Linus Torvalds announced the release of Linux kernel 7.0 on April 12, 2026, marking the latest in the 35-year lineage of the kernel he first published as a student project. The version number jump from 6.19 to 7.0 carries no special architectural significance — Torvalds has explained this before, and reiterated with this release that he simply prefers to roll over to a new major version rather than let the minor version climb past 19 into awkward territory. This is a normal kernel release that happens to wear a round number.

What is not normal is the development context surrounding it. In his release announcement on the Linux Kernel Mailing List, Torvalds noted something worth paying attention to: "The last week of the release continued the same 'lots of small fixes' trend, but it all really does seem pretty benign, so I've tagged the final 7.0 and pushed it out. I suspect it's a lot of AI tool use that will keep finding corner cases for us for a while, so this may be the 'new normal' at least for a while. Only time will tell."

That observation, brief as it is, signals a genuinely new phase in how the Linux kernel is maintained. The features inside 7.0, meanwhile, are substantial: Rust loses its experimental label for good, XFS gains autonomous self-healing capabilities, post-quantum cryptography lands in module signing, critical next-generation CPU groundwork ships for Intel Nova Lake and AMD Zen 6, Intel TSX gets re-enabled by default, and a new in-kernel synchronization driver improves Windows game compatibility through Wine and Proton. Here is the full breakdown.

Why 7.0 Exists: The Version Number Explained

Every few years, someone asks why the Linux kernel jumped from X.19 to (X+1).0 rather than continuing to X.20. The answer is purely aesthetic. Torvalds has said explicitly that Linux version numbers carry no technical meaning — there is no special collection of features or architectural break that triggers a new major version. The rule of thumb is simply that once the minor version reaches 19, the tree rolls over to avoid confusing people with large minor version numbers.

Linux 3.x rolled to 4.0 at the same point. Linux 4.x became 5.0 the same way. Linux 6.x is now Linux 7.0. The features that landed in 7.0 are the same kind that would have landed in a hypothetical 6.20 — the calendar and development cycle determined the content, not the version number. Ubuntu 26.04 LTS, scheduled for release on April 23, 2026 and codenamed Resolute Raccoon, ships with Linux 7.0 as its default kernel, which will bring these changes to a very large portion of the Linux user base through five years of mainstream support and ten with Ubuntu Pro.

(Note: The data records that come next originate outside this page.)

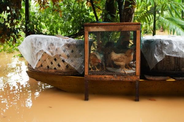 | Một chuồng gà của người dân được di chuyển lên thuyền. |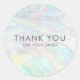 Elegante Imitate opal Muschel danke Ihnen Aufkleber in hübschen Pastelltönen von Rosa, Blau, Grün und Gelb mit Ihrer benutzerdefinierten Nachricht. Ideal zum Verpacken für Schmuckdesigner und andere kleine Unternehmen.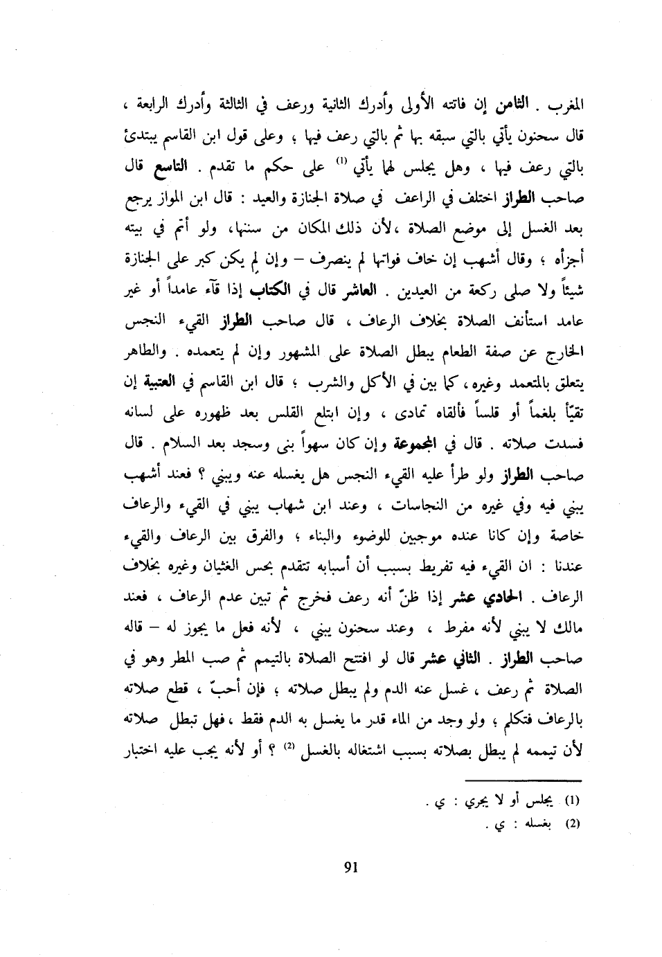 الْمَغْرِبِ الثَّامِنُ إِنْ فَاتَتْهُ الْأُولَى وَأَدْرَكَ الثَّانِيَةَ وَرَعَفَ فِي الثَّالِثَةِ وَأَدْرَكَ الرَّابِعَةَ قَالَ سَحْنُونٌ يَأْتِي بِالَّتِي سَبَقَهُ بِهَا ثُمَّ بِالَّتِي رَعَفَ فِيهَا وَعَلَى قَوْلِ ابْنِ الْقَاسِمِ يَبْتَدِئُ بِالَّتِي رَعَفَ فِيهَا وَهَلْ يَجْلِسُ لَهُمَا يَأْتِي عَلَى حُكْمِ مَا تَقَدَّمَ التَّاسِعُ قَالَ صَاحِبُ الطَّرَّازِ اخْتُلِفَ فِي الرَّاعِفِ فِي صَلَاةِ الْجَنَازَةِ وَالْعِيدِ قَالَ ابْنُ الْمَوَّازِ يَرْجِعُ بَعْدَ الْغَسْلِ إِلَى مَوْضِعِ الصَّلَاةِ لِأَنَّ ذَلِكَ الْمَكَانَ مِنْ سُنَنِهَا وَلَوْ أَتَمَّ فِي بَيْتِهِ أَجَزَأَهُ وَقَالَ أَشْهَبُ إِنْ خَافَ فَوَاتَهَا لَمْ يَنْصَرِفْ وَإِنْ لَمْ يَكُنْ كَبَّرَ عَلَى الْجِنَازَةِ شَيْئًا وَلَا صَلَّى رَكْعَةً مِنَ الْعِيدَيْنِ الْعَاشِرُ قَالَ فِي الْكِتَابِ إِذَا قَاءَ عَامِدًا أَوْ غَيْرَ عَامِدٍ اسْتَأْنَفَ الصَّلَاةَ بِخِلَافِ الرُّعَافِ قَالَ صَاحِبُ الطَّرَّازِ الْقَيْءُ النَّجِسُ الْخَارِجُ عَنْ صِفَةِ الطَّعَامِ يُبْطِلُ الصَّلَاةَ عَلَى الْمَشْهُورِ وَإِنْ لَمْ يَتَعَمَّدْهُ وَالطَّاهِرُ يَتَعَلَّقُ بِالْمُتَعَمَّدِ وَغَيْرِهِ كَمَا بَيَّنَ فِي الْأَكْلِ وَالشُّرْبِ قَالَ ابْنُ الْقَاسِمِ فِي الْعُتْبِيَّةِ إِنْ تَقَيَّأَ بَلْغَمًا أَوْ قَلْسًا فَأَلْقَاهُ تَمَادَى وَإِنِ ابْتَلَعَ الْقَلَسَ بَعْدَ ظُهُورِهِ عَلَى لِسَانِهِ فَسَدَتْ صَلَاتُهُ قَالَ فِي الْمَجْمُوعَةِ وَإِنْ كَانَ سَهْوًا بَنَى وَسَجَدَ بَعْدَ السَّلَامِ قَالَ صَاحِبُ الطَّرَّازِ وَلَوْ طَرَأَ عَلَيْهِ الْقَيْءُ النَّجِسُ هَلْ يَغْسِلُهُ عَنْهُ وَيَبْنِي فَعِنْدَ أَشْهَبَ يَبْنِي فِيهِ وَفِي غَيْرِهِ مِنَ النَّجَاسَاتِ وَعِنْدَ ابْنِ شِهَابٍ يَبْنِي فِي الْقَيْءِ وَالرُّعَافِ خَاصَّةً وَإِنْ كَانَا عِنْدَهُ مُوجِبَيْنِ لِلْوُضُوءِ وَالْبِنَاءِ وَالْفَرْقُ بَيْنَ الرُّعَافِ وَالْقَيْءِ عِنْدَنَا أَنَّ الْقَيْءَ فِيهِ تَفْرِيطٌ بِسَبَبِ أَنَّ أَسْبَابَهُ تَتَقَدَّمُ بِحَسِّ الْغَثَيَانِ وَغَيْرِهِ بِخِلَافِ الرُّعَافِ الْحَادِيَ عَشَرَ إِذَا ظَنَّ أَنَّهُ رَعَفَ فَخَرَجَ ثُمَّ تَبَيَّنَ عَدَمُ الرُّعَافِ فَعِنْدَ مَالِكٍ لَا يَبْنِي لِأَنَّهُ مُفَرِّطٌ وَعِنْدَ سَحْنُونٍ يَبْنِي لِأَنَّهُ فَعَلَ مَا يَجُوزُ لَهُ قَالَهُ صَاحِبُ الطَّرَّازِ الثَّانِيَ عَشَرَ قَالَ لَوِ افْتَتَحَ الصَّلَاةَ بِالتَّيَمُّمِ ثُمَّ صَبَّ الْمَطَرَ وَهُوَ فِي الصَّلَاةِ ثُمَّ رَعَفَ غَسَلَ عَنْهُ الدَّمَ وَلَمْ يُبْطِلْ صَلَاتَهُ فَإِنْ أَحَبَّ قَطَعَ صَلَاتَهُ بِالرُّعَافِ فَتَكَلَّمَ وَلَوْ وَجَدَ مِنَ الْمَاءِ قَدْرَ مَا يَغْسِلُ بِهِ الدَّمَ فَقَطْ فَهَلْ تَبْطُلُ صَلَاتُهُ لِأَنَّ تَيَمُّمَهُ لَمْ يَبْطُلْ بِصَلَاتِهِ بِسَبَبِ اشْتِغَالِهِ بِالْغَسْلِ أَوْ لِأَنَّهُ يَجِبُ عَلَيْهِ اخْتِبَارُ

Rust Is Now Officially Stable in the Linux Kernel

The single most symbolically significant change in Linux 7.0 is the removal of the "experimental" label from Rust support. The Rust programming language was first introduced into the kernel in 2022 as an explicitly experimental addition, with the understanding that its long-term future would be evaluated at the Linux Kernel Maintainers Summit. That evaluation happened in late 2025, and the conclusion was unambiguous. As Miguel Ojeda, the lead developer of the Rust-for-Linux project, stated: "The experiment is done — Rust is here to stay."

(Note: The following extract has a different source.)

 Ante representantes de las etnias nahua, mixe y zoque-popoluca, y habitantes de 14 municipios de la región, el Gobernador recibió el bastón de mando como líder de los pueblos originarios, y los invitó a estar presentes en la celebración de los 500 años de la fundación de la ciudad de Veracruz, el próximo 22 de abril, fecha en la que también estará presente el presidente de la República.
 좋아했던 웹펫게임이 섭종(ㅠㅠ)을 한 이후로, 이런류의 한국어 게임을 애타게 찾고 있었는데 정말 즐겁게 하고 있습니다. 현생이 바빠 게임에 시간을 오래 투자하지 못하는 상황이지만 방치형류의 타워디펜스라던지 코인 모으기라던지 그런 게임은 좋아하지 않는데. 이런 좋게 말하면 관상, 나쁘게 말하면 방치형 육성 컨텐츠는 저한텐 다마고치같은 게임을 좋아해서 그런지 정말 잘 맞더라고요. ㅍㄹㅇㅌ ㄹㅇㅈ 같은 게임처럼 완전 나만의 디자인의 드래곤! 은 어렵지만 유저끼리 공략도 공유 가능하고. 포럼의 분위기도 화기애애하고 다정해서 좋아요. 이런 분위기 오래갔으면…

What does this mean in practice? Kernel subsystems and drivers can now be written in Rust alongside C as a fully accepted, first-class part of the kernel development process. Patches implementing kernel components in Rust will no longer be treated as carrying special experimental risk; they go through the same review process as any C code. New drivers and subsystems written in Rust are part of the normal kernel, not a parallel experiment running alongside it.

The deeper significance is what Rust brings to kernel security. The kernel is written almost entirely in C, a language that does not prevent entire classes of memory safety bugs at compile time. Buffer overflows, use-after-free errors, null-pointer dereferences, and race conditions in memory access — these are the most common categories of Linux kernel CVEs year after year. Safe Rust structurally prevents all of them. A buffer overflow in safe Rust is not a programming mistake waiting to be found; it is a compile error that cannot ship. By making Rust a permanent first-class option for kernel development, Linux 7.0 begins a transition toward a more structurally secure kernel over the coming years and decades. It will not happen overnight — C remains the dominant language and will for a long time — but the foundation is now officially in place.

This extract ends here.